Auch das `Mutual Recognition Agreement´ zwischen der EU und den USA, das Doppelt- und Dreifachzertifizierungen verhindert, bringt eine jährliche Ersparnis von 2 Milliarden. Rohleder: `Hier zeigt sich, daß Verbandsarbeit wirklich etwas bringt.´
Die Integration divergierender Interessen im Rahmen von Arbeitsgruppen bezeichnet Rohleder als `ganz wichtige Arbeit´. Meinungsunterschiede einzelner Mitglieder werden daher in der Öffentlichkeit nicht ausgetragen. Die Öffentlichkeitsarbeit gilt beim FVIT daher nicht von ungefähr als `Ultima ratio´. Rohleder empfindet die Zergliederung von Interessenvertretungen in der IuK-Branche als `primäre Schwäche´. Allerdings hat der FVIT weiterhin mit seiner alten Verbandspolitik zu kämpfen: Noch vor zehn Jahren wurden kleine Unternehmen als Mitglieder nicht akzeptiert. Mittlerweile werden auch Kleine aufgenommen, doch primär engagieren sich die Großunternehmen im FVIT.
Das soll sich ändern: Ziel des FVIT ist es nun, auch die Kommunikation zwischen den kleinen und großen Unternehmen zu ermöglichen. Den FVIT-Kryptoworkshop beispielsweise besuchten sechzig Firmenvertreter, quasi die komplette deutsche Kryptoindustrie repräsentierend. In der Arbeitsgemeinschaft Mehrwertdienste engagieren sich hingegen nur die großen Unternehmen - die kleinen organisieren sich über den Deutschen Multimediaverband (dmmv).

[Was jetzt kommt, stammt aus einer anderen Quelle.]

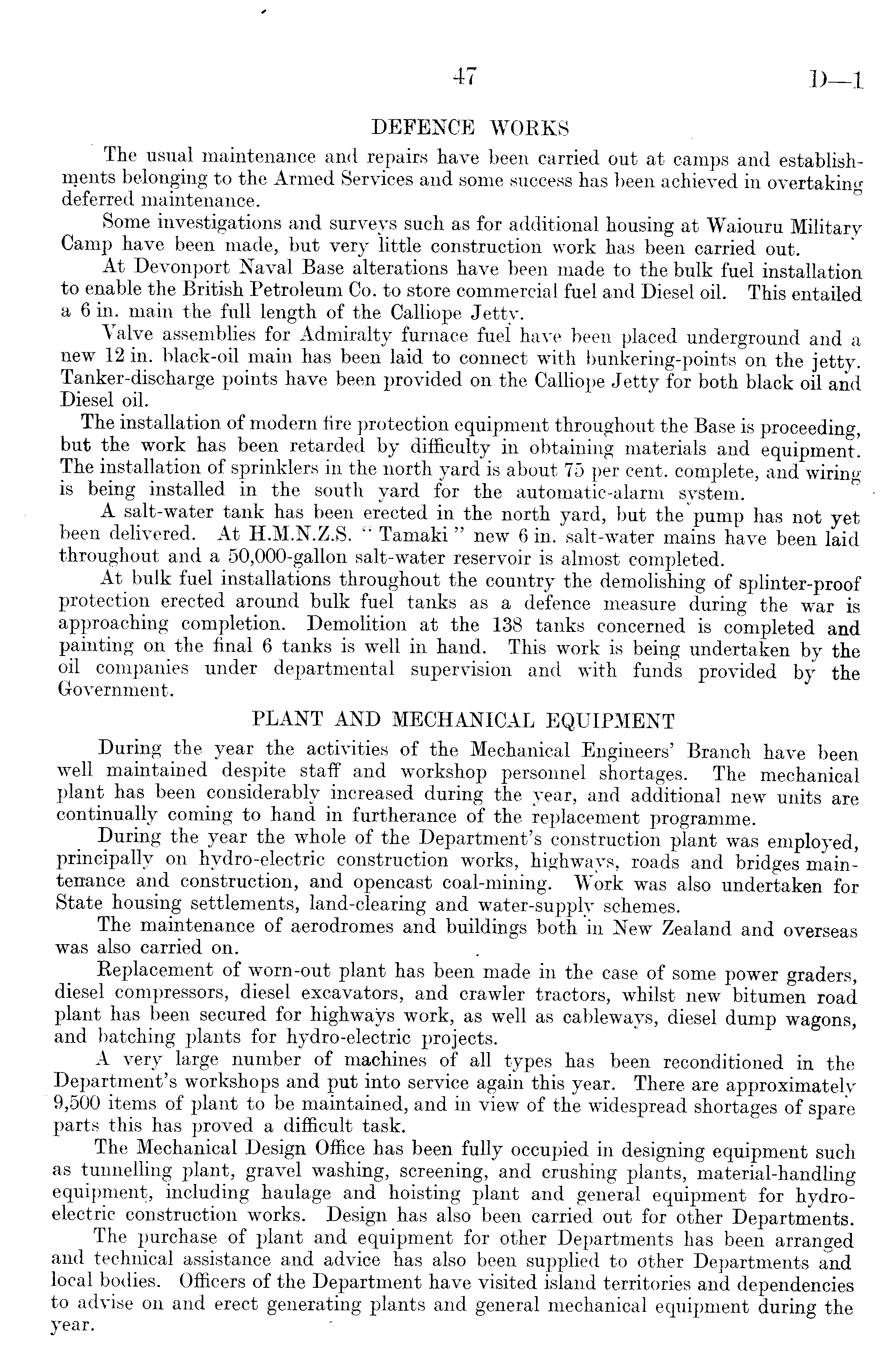 DEFENCE WORKS The usual maintenance and repairs have been carried out at camps and establishments belonging to the Armed Services and some success has been achieved in overtaking deferred maintenance. Some investigations and surveys such as for additional housing at Waiouru Military Camp have been made, but very little construction work has been carried out. At Devonport Naval Base alterations have been made to the bulk fuel installation to enable the British Petroleum Co. to store commercial fuel and Diesel oil. This entailed a 6 in. main the full length of the Calliope Jetty. Valve assemblies for Admiralty furnace fuel have been placed underground and a new 12 in. black-oil main has been laid to connect with bunkering-points on the jetty. Tanker-discharge points have been provided on the Calliope Jetty for both black oil and Diesel oil. The installation of modern fire protection equipment throughout the Base is proceeding, but the work has been retarded by difficulty in obtaining materials and equipment. The installation of sprinklers in the north yard is about 75 per cent, complete, and wiring is being installed in the south yard for the automatic-alarm system. A salt-water tank has been erected in the north yard, but the "pump has not yet been delivered. At H.M.N.Z.S. " Tamaki" new 6 in. salt-water mains have been laid throughout and a 50,000-gallon salt-water reservoir is almost completed. At bulk fuel installations throughout the country the demolishing of splinter-proof protection erected around bulk fuel tanks as a defence measure during the war is approaching completion. Demolition at the 138 tanks concerned is completed and painting on the final 6 tanks is well in hand. This work is being undertaken by the oil companies under departmental supervision and with funds provided by the Government. PLANT AND MECHANICAL EQUIPMENT During the year the activities of the Mechanical Engineers' Branch have been well maintained despite staff and workshop personnel shortages. The mechanical plant has been considerably increased during the year, and additional new units are continually coming to hand in furtherance of the replacement programme. During the year the whole of the Department's construction plant was employed, principally on hydro-electric construction works, highways, roads and bridges maintenance and construction, and opencast coal-mining. Work was also undertaken for State housing settlements, land-clearing and water-supply schemes. The maintenance of aerodromes and buildings both in New Zealand and overseas was also carried on. Replacement of worn-out plant has been made in the case of some power graders, diesel compressors, diesel excavators, and crawler tractors, whilst new bitumen road plant has been secured for highways work, as well as cableways, diesel dump wagons, and batching plants for hydro-electric projects. A very large number of machines of all types has been reconditioned in the Department's workshops and put into service again this year. There are approximately 1 9,500 items of plant to be maintained, and in view of the widespread shortages of spare parts this has proved a difficult task. The Mechanical Design Office has been fully occupied in designing equipment such as tunnelling plant, gravel washing, screening, and crushing plants, material-handling equipment, including haulage and hoisting plant and general equipment for hydroelectric construction works. Design has also been carried out for other Departments. The purchase of plant and equipment for other Departments has been arranged and technical assistance and advice has also been supplied to other Departments and local bodies. Officers of the Department have visited island territories and dependencies to advise on and erect generating plants and general mechanical equipment during the year.

Alexander Felsenberg, Geschäftsführer des dmmv, ist mit der Arbeit seines Verbandes, der auch Multimediagenturen mit einem Personal von zwei bis drei Personen aufnimmt, zufrieden: `Was die Mitglieder wollen, wird generell erfüllt.´ Er schreibt sich die `nachweisliche Beeinflussung´ des IuKDG in den Bereichen des Jugendschutzes und der Providerverantwortlichkeit auf seine Fahne. Trotz der Erfolge im deutschen Bundestag hält er einen geschlossenen Auftritt auf dem europäischen Parkett für sinnvoll. Ein `übergreifender IT-Verband´ sei wichtig, doch jeder Verband müsse hier `seine Identität wahren´ können. Immerhin wechselte zum 1. 1. 99 der Verband Informationswirtschaft (VIW) bereits geschlossen zum dmmv. Während der VIW sich allein im Business-to-Business-Bereich tummelte und nur Unternehmen mit bestimmten Qualitätsstandards akzeptierte, konnte der dmmv eine wesentlich breitere Mitgliederstruktur aufbauen.
Konvergenzen
In bestimmten Themenbereichen gibt es schon seit längerem eine enge Zusammenarbeit. So ist das Thema `Softwarepiraterie´ beim Verband der Software Industrie Deutschlands (VSI) und dem Verband Unterhaltungssoftware (VUD) hoch im Kurs. Sie arbeiten mit dem Bundesverband Bausoftware (BVBS) sogar in einer `Interessenvertretung der deutschen Softwareverbände´ (IDS) eng zusammen. Auch die Business Software Alliance Deutschland klinkt sich hin und wieder über eine PR-Agentur in die Diskussion ein.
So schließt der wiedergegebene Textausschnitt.